### RECORDED INFORMATION
+++
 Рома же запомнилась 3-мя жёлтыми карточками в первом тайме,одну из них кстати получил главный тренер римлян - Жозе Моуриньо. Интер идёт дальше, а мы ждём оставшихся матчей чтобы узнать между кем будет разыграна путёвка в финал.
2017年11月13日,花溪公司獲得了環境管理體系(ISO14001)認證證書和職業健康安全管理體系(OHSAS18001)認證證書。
+++
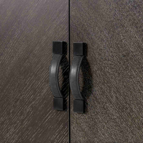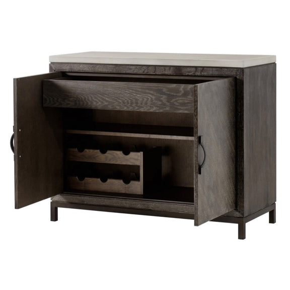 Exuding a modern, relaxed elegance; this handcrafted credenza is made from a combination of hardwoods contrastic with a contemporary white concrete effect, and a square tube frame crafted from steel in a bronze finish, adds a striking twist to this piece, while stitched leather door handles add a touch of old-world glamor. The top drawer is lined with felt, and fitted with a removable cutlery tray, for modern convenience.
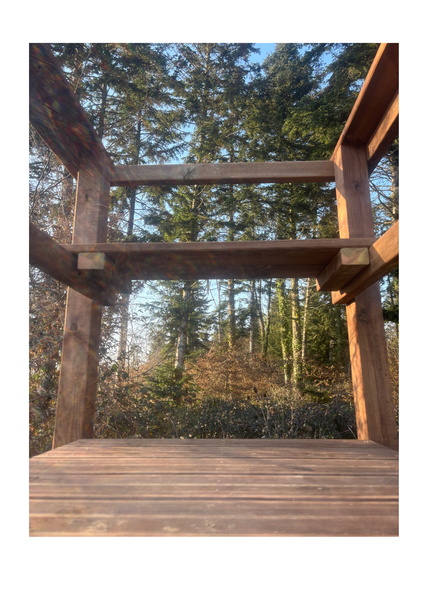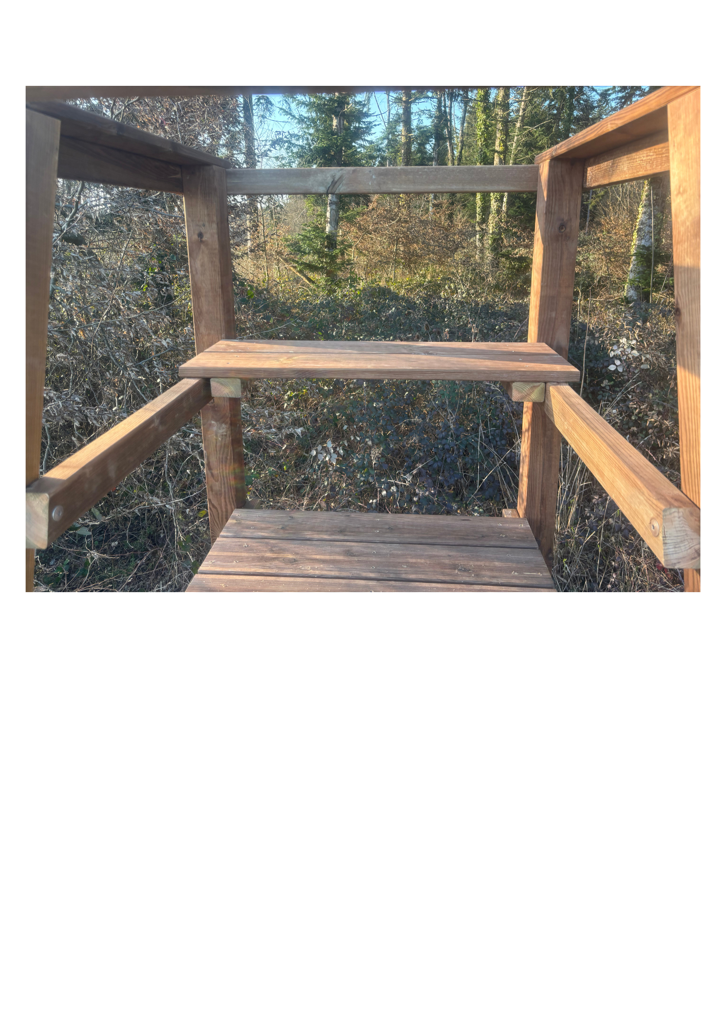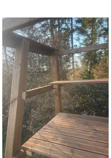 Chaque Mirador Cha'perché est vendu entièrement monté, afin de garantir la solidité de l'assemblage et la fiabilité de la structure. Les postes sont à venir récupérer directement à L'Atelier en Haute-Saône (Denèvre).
+++
### PROBLEM DETAILS
An exact, complete copy of the lines above from the one with "Рома же запомнилась" through the one with "2017年11月13日,花溪" is the whole answer.

### SOLUTION TO THIS EXERCISE
 Рома же запомнилась 3-мя жёлтыми карточками в первом тайме,одну из них кстати получил главный тренер римлян - Жозе Моуриньо. Интер идёт дальше, а мы ждём оставшихся матчей чтобы узнать между кем будет разыграна путёвка в финал.
2017年11月13日,花溪公司獲得了環境管理體系(ISO14001)認證證書和職業健康安全管理體系(OHSAS18001)認證證書。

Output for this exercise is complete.